Повисшее над угасающим костром молчание было тяжёлым, под стать наползающим из-за холмов свинцовым тучам. Ветер теперь налетал порывами, норовил засыпать горячим пеплом костра глаза, посвистывал в тополях, по-октябрьски жёлто и уныло нависающих над дорогой. Где-то на севере, за холмами, за рощей, за городом, на окраинах, погромыхивало; скользили по небу зигзагами оголённых нервов дальние молнии.

— Уходит надо, — произнёс цыган, впервые за последний час посмотрев Пастырю в глаза. — Спат до утра. Не сможешь ты шшас в город идти, варнак.

— Угу, — неохотно отозвался тот. — Ты отомстить пионерам не пробовал?

Лицо Михая вспыхнуло ярче угольев. Видать, Пастырь зацепил больной нерв, который терзал внешне спокойного до отчуждённости цыгана. Конечно, как же: месть сладка, кровь цыганская — не водица… Да только где ему, одинокому и однорукому. А с другой стороны… Дети же!

— Извиняй ещё раз, — Пастырь отвёл глаза от лица цыгана. — Не подумал.

Гнусная ситуация. Если правду говорит цыган, что в банде одни малолетки, то как же… как же с ними воевать-то. А с другой стороны, если они звери… Времена нынче такие, что не на возраст, наверное, нужно смотреть, а по делам судить. Судить, приговаривать и приводить в исполнение. И списывать всё на времена, выскабливая из души грязь. Нет, реально гнусная ситуёвина…

— Шшас польёт, — сказал цыган, успокаиваясь, но голос его ещё подрагивал от ярости и обиды. — Хайда в дом.

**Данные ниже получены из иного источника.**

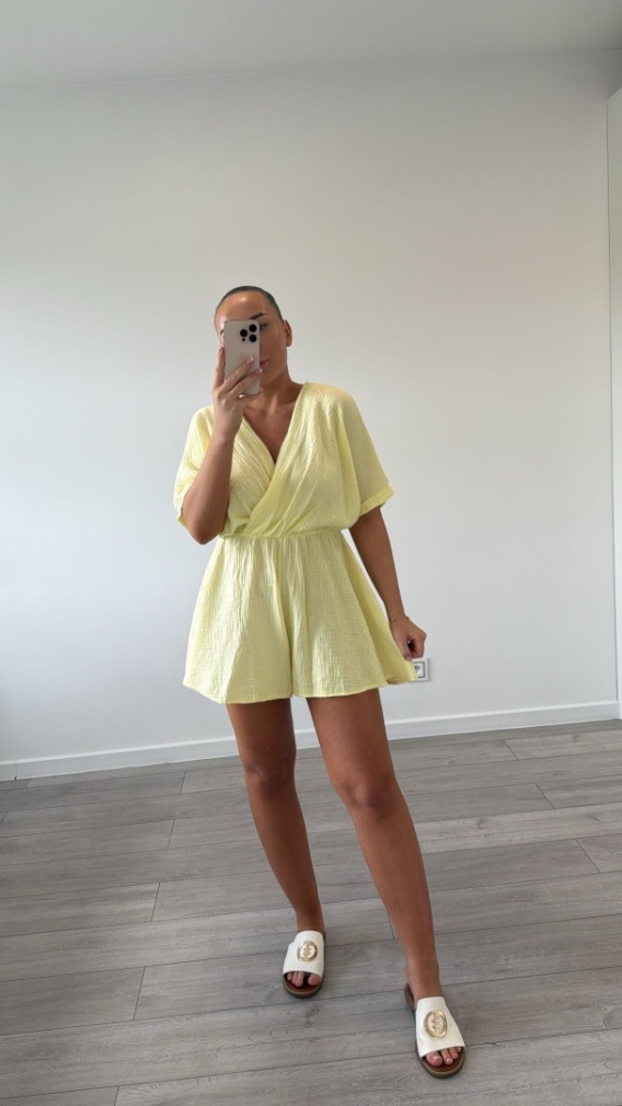 Kombinezon muślinowy to zdecydowany hit tego sezonu! . Posiada gumkę w talii, kopertowy dekolt, kimonowe rękawy. Wykonany z 100% bawełny, materiał jest miękki, przewiewny, świetnie się nosi. Występuje w rozmiarze uniwersalnym

Дом… Зелёный, обшарпанный, битый временем строительный вагончик, невесть как попавший на старую дорогу, перекосившийся от того, что пара колёс по одной стороне лишена покрышек (пошли, наверное, в костёр в какой-нибудь из холодных февральских дней). Внутри больничная кушетка вместо кровати, столик, спёртый, наверное, в какой-нибудь заброшенной кафешке, два табурета, керосиновая лампа, гитара на стене, поленница и запах. Запах летней кухни на даче — тот самый, что не давал покоя на зоне, возникая, вдруг, памятью в носу, посреди барачной кислой вони.

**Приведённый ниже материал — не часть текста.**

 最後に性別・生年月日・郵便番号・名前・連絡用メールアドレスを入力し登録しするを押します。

За мутным маленьким окошком, в которое билась тупо и безнадёжно одинокая толстая муха, быстро потемнело. Ветер трепал тополя, дёргал их за космы, как строгий отец провинившуюся шпану, поднимал пыльные буруны, взмётывал выше деревьев отсохшую траву да притащенные откуда-то клок грязной бумаги и полиэтиленовый мешок. Гром вдруг ударил так, что оконце задребезжало; скользнула сверху, разбегаясь по небу, извивающаяся молния, забарабанили по ржавому железу на крыше первые крупные капли. Тревожный, влажный и прелый запах грозы проник в вагончик, загнал муху куда-то в угол, где она и притихла.

— Лачо бришин [добрый дождь], — пробормотал цыган, присаживаясь на табурет, поглядывая в окно. — Хорошие времена возвращаютса, гаджо. Понимаешь? Земля становитса чишше. Хорошие добрые дожди приходят. Смывают гряз от людей. Вон как пахнет… как давно-давно, в детстве.

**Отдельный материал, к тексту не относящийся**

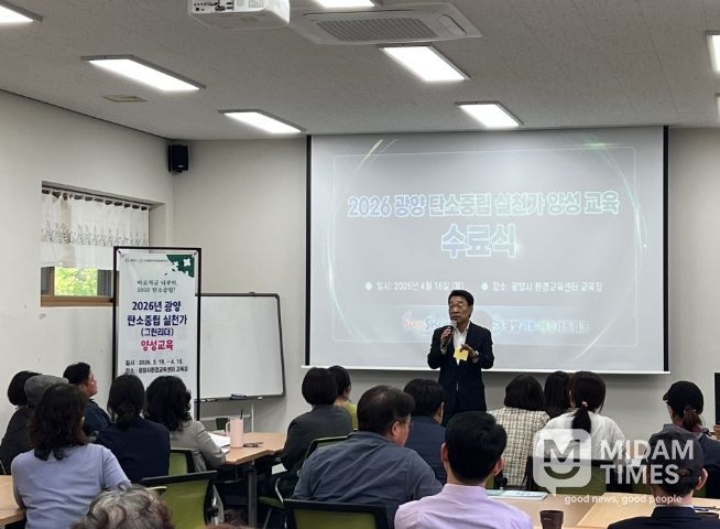 미담타임스 김준완 기자 | 광양시와 (사)광양기후·환경네트워크는 4월 16일 광양시 환경교육센터에서 ‘2026년 탄소중립 실천가 양성교육’ 수료식을 열고 41명의 새로운 탄소중립 실천가를 배출했다고 밝혔다.

— Нашёл чему радоваться, — проворчал Пастырь, опускаясь на другой табурет, тоже посматривая в окно, за которым уже вовсю разгулялась гроза.

Ливанул дождь, встал стеной, отрезав вагончик от остального мира. Казалось и правда: умерло всё кругом, остались они в мире вдвоём. Нет, втроём: они и дождь. Шумело так, что голосов было почти не слышно. С небольшими промежутками ухал и трещал гром, раскатываясь по небу, как просыпанный господом тяжеленный горох.

— Я радуюс, да, — тихо произнёс Михай после нескольких минут молчания. — Что мне ешшо остаётса.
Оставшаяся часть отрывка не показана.